TWSTRS severity, disability, and pain subscales demonstrated comparable improvement from baseline — 30% to 33% for DAXI 125U and 25% to 26% for DAXI 250U, compared with 11% to 12% for placebo. The Clinician Global Impression of Change (CGIC) and Patient Global Impression of Change (PGIC) showed improvement with DAXI regarding the primary endpoint (CGIC, 77%-78% for DAXI vs 46% for placebo; PGIC, 71%-73% for DAXI vs 41% for placebo).

The median duration of effect was 24.0 for DAXI 125U and 20.3 weeks for DAXI 250U, according to time to loss of 80% peak treatment benefit.

Treatment-related adverse events (TEAEs) were reported in 39.1% of participants who received placebo, 58.3% of those who received DAXI 125U, and 50% of those who received DAXI 250U. TEAEs included injection site pain, headache, injection site erythema, muscular weakness, and musculoskeletal pain. Dysphagia was reported in 1.6% of those who received DAXI 125U and 3.9% of those who received DAXI 250U.

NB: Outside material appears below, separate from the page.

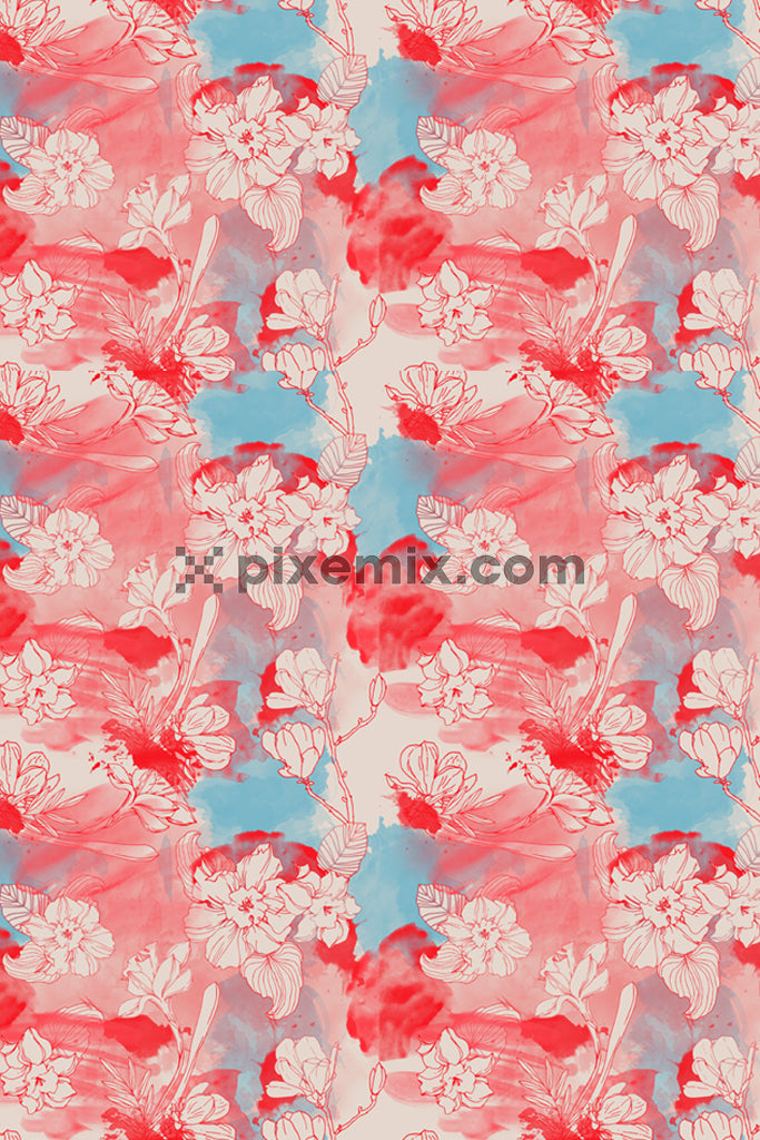 Watercolor florals and leaf product graphic with seamless repeat pattern

“DAXI appeared to be generally safe and well tolerated with adverse event rates similar to, or lower than, other botulinum toxin products for the treatment of [cervical dystonia],” the researchers concluded.

Disclosure: This research was supported by Revance Therapeutics Inc. Please see the original reference for a full list of authors’ disclosures.

Reference

Jankovic J, Comella C, Hauser RA, et al. A phase 3 trial evaluating the efficacy, duration of effect, and safety of DaxibotulinumtoxinA for Injection in the treatment of cervical dystonia. Presented at: MDS Virtual Congress 2021; September 17-22, 2021. Poster 100.